The change in his campaign tone — focusing less on attacking Hillary Clinton — comes as the Vermont senator lays off staff members after several tough losses on Tuesday. Though Mr. Sanders remains adamant that he wants to win the Democratic presidential nomination, his shift hints that the senator is looking past the nominating fight and toward a future role in shaping the party.

At a rally Thursday in Springfield, Ore., Mr. Sanders spoke at length about how Democrats had not spent enough time trying to help working-class people obtain adequate health care and higher wages.

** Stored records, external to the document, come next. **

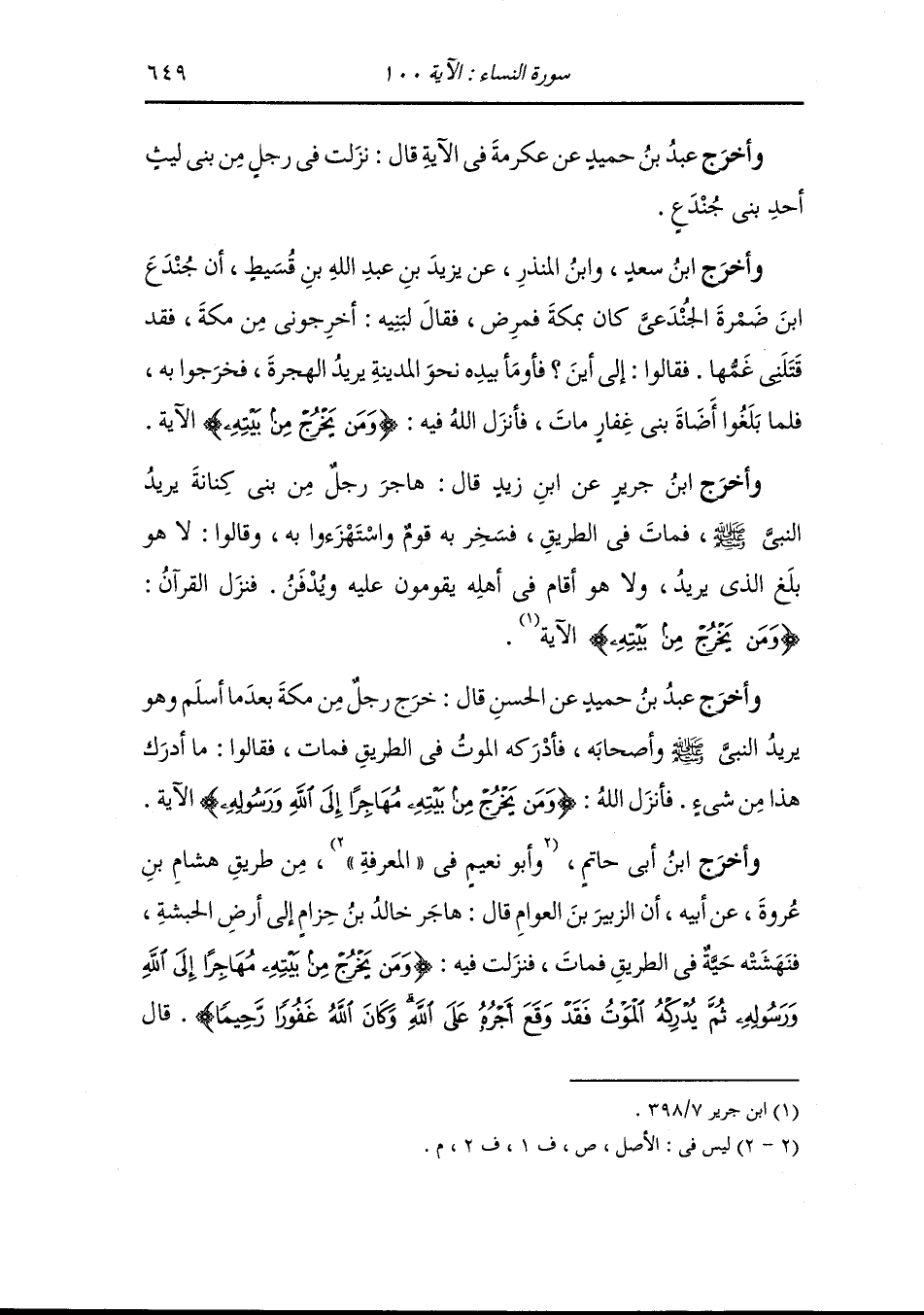 وأخرج ابن سعد عن المغيرة بن عبد الرحمن الخزاعي عن أبيه قال : خرج خالد بن حزام مهاجرا إلى أرض الحبشة في المرة الثانية فنهش في الطريق فمات قبل أن يدخل أرض الحبشة فنزلت فيه {ومن يخرج من بيته مهاجرا إلى الله ورسوله} الآية.
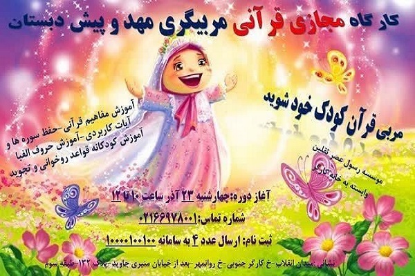به گزارش ایکنا، مؤسسه رسول عصر ثقلین وابسته به دارالقرآن خانه کارگر دوره مجازی قرآنی مربیگری مهد و پیشدبستانی را برگزار میکند.
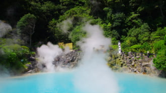 年間の観光客が800万人を超える名湯、別府温泉。大分空港からバスで約50分で着く...
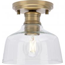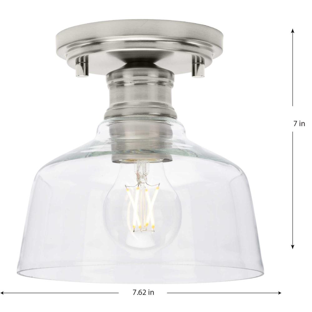 The Singleton Collection 1-light small semi-flush mount fixture pays homage to industrial styling with an oversized warehouse shade fabricated from clear glass. A round backplate and vintage-inspired metal fittings finished in subtle brushed nickel create a timeless design. The warehouse-style glass shade is the perfect showcase for clear decorative light bulbs (not included) to enhance the fixture's charming style. This beautiful ceiling light delivers optimal ambient lighting for bathrooms, bedrooms, hallways and foyers.
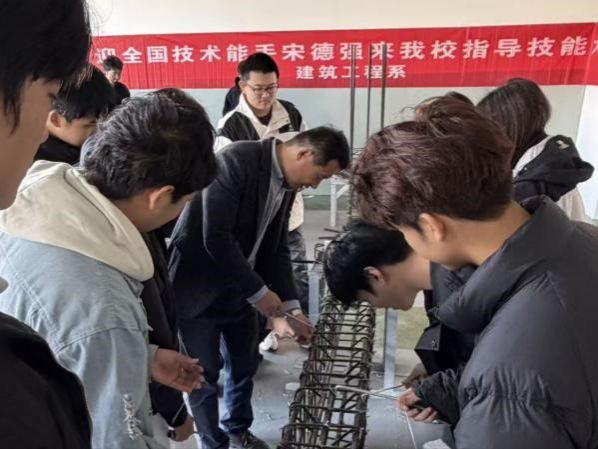 两位客座教授分别走进校本部5号实训楼钢筋工实操区和雷泽湖校区手工木工实训室,聚焦技能大赛核心要点与实训关键环节,通过现场示范、精准点评、答疑解惑,为师生传授前沿实操技巧与参赛经验。
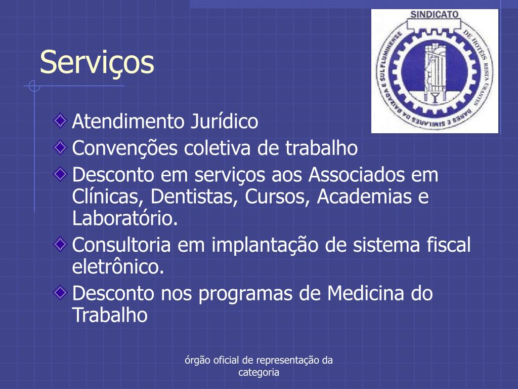 Serviços • Atendimento Jurídico • Convenções coletiva de trabalho • Desconto em serviços aos Associados em Clínicas, Dentistas, Cursos, Academias e Laboratório. • Consultoria em implantação de sistema fiscal eletrônico. • Desconto nos programas de Medicina do Trabalho órgão oficial de representação da categoria

“The Democratic Party has to reach a fundamental conclusion: Are we on the side of working people or big-money interests?” Mr. Sanders asked the crowd. “Do we stand with the elderly, the children, the sick and the poor? Or do we stand with Wall Street speculators and the drug companies and the insurance companies? Now our job is not just to revitalize the Democratic Party, not only to open the doors to young people and working people — our job is to revitalize American democracy.”

Thus far, Sanders is the candidate who has spent the most money this cycle, totaling around $166 million. Nevertheless, even Sanders’ lone supporter in the U.S. Senate, Jeff Merkley of Oregon, said that he should drop out if he’s still behind Clinton prior to the Democratic National Convention in July.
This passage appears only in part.